-------- Data extract

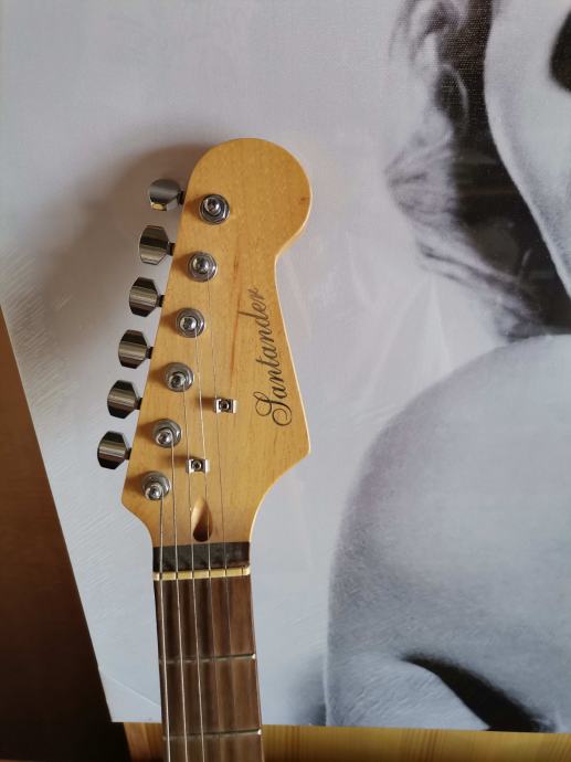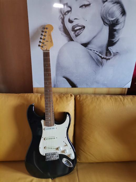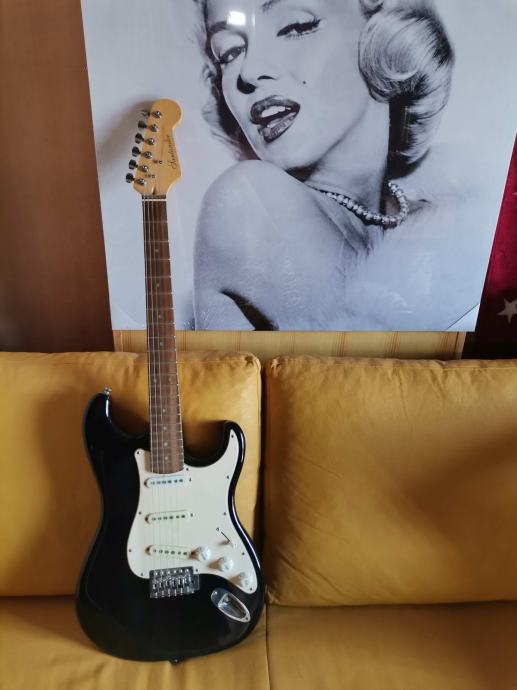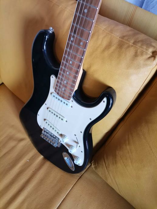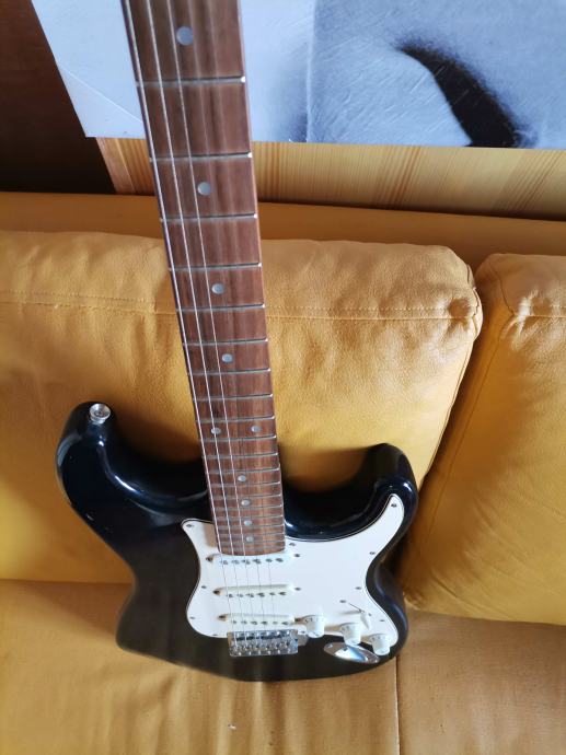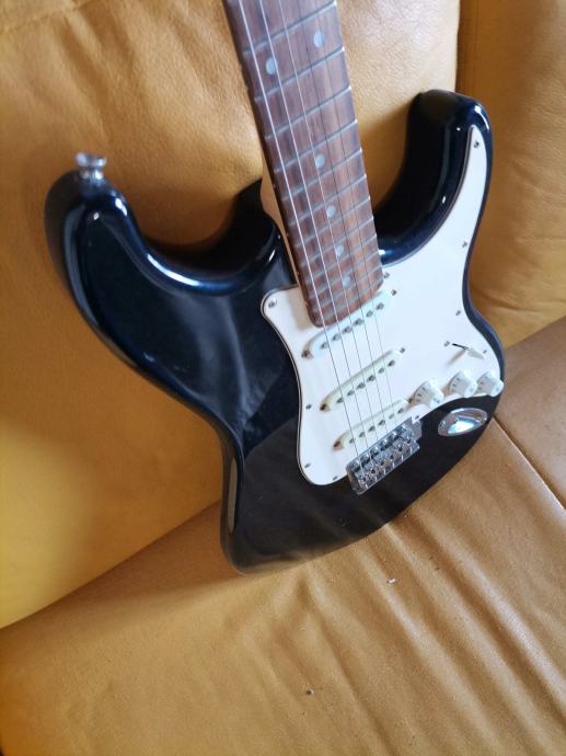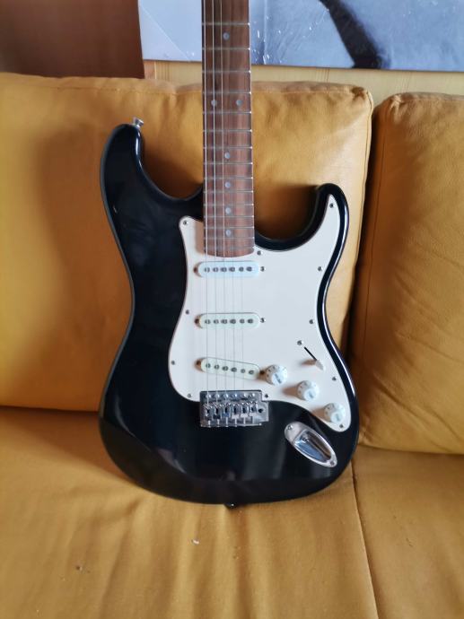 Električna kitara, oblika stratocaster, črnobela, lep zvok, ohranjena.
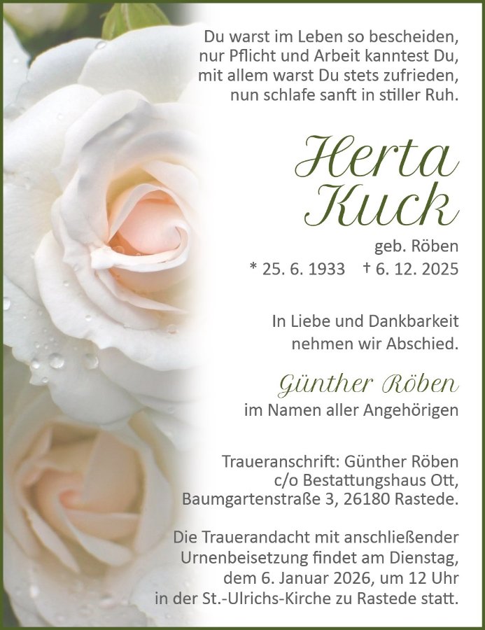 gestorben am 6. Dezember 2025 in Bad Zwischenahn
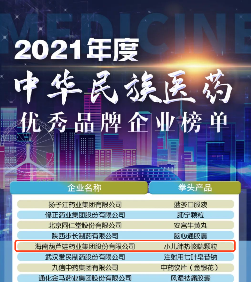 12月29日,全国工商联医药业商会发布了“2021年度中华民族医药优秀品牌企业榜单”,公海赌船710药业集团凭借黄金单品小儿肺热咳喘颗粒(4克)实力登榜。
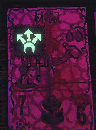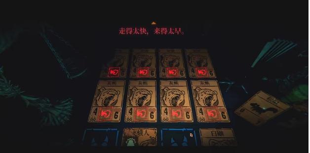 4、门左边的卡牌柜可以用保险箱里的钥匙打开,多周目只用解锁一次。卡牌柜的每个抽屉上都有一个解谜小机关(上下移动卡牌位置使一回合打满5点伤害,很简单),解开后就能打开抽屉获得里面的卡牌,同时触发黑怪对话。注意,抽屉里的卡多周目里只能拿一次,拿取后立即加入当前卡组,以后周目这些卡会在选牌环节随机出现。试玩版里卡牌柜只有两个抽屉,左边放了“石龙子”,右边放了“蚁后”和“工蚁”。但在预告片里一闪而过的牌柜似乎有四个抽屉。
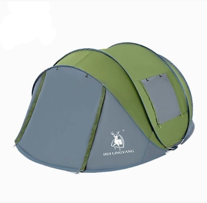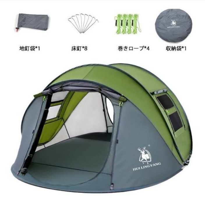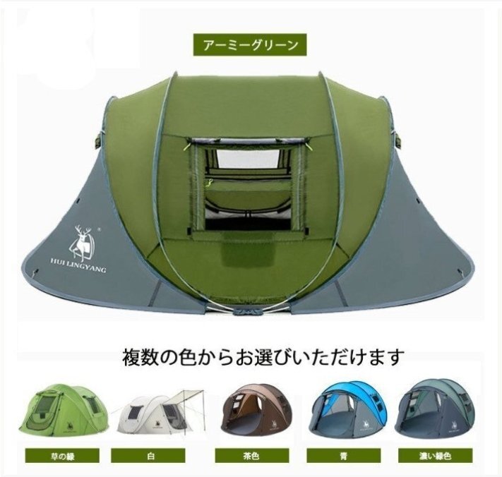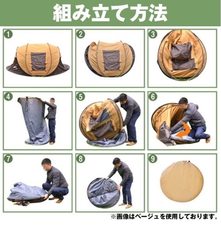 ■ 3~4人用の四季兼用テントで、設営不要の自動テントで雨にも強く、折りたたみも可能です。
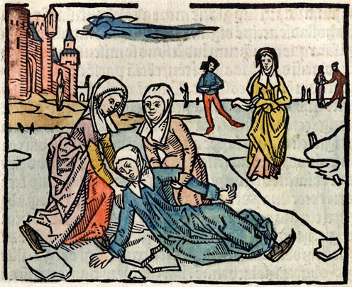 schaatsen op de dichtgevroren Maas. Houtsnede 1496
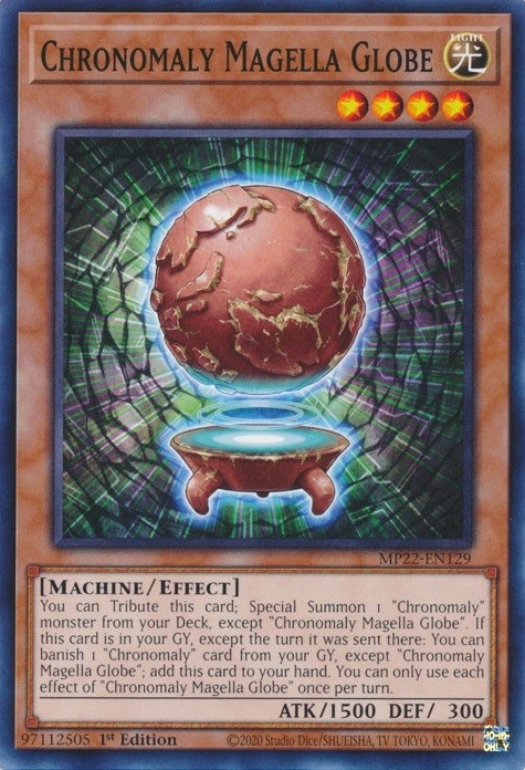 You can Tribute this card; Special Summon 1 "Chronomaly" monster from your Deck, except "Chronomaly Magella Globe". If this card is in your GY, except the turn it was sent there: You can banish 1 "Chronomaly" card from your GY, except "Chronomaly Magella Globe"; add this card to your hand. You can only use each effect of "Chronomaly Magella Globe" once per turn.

----------------

Assignment: Please give again, word for word, the lines from the one containing "12月29日,全国工商联医药" through the last line of the listing above, inclusive, and leave out pictures.

Task answer:
 12月29日,全国工商联医药业商会发布了“2021年度中华民族医药优秀品牌企业榜单”,公海赌船710药业集团凭借黄金单品小儿肺热咳喘颗粒(4克)实力登榜。
 4、门左边的卡牌柜可以用保险箱里的钥匙打开,多周目只用解锁一次。卡牌柜的每个抽屉上都有一个解谜小机关(上下移动卡牌位置使一回合打满5点伤害,很简单),解开后就能打开抽屉获得里面的卡牌,同时触发黑怪对话。注意,抽屉里的卡多周目里只能拿一次,拿取后立即加入当前卡组,以后周目这些卡会在选牌环节随机出现。试玩版里卡牌柜只有两个抽屉,左边放了“石龙子”,右边放了“蚁后”和“工蚁”。但在预告片里一闪而过的牌柜似乎有四个抽屉。
 ■ 3~4人用の四季兼用テントで、設営不要の自動テントで雨にも強く、折りたたみも可能です。
 schaatsen op de dichtgevroren Maas. Houtsnede 1496
 You can Tribute this card; Special Summon 1 "Chronomaly" monster from your Deck, except "Chronomaly Magella Globe". If this card is in your GY, except the turn it was sent there: You can banish 1 "Chronomaly" card from your GY, except "Chronomaly Magella Globe"; add this card to your hand. You can only use each effect of "Chronomaly Magella Globe" once per turn.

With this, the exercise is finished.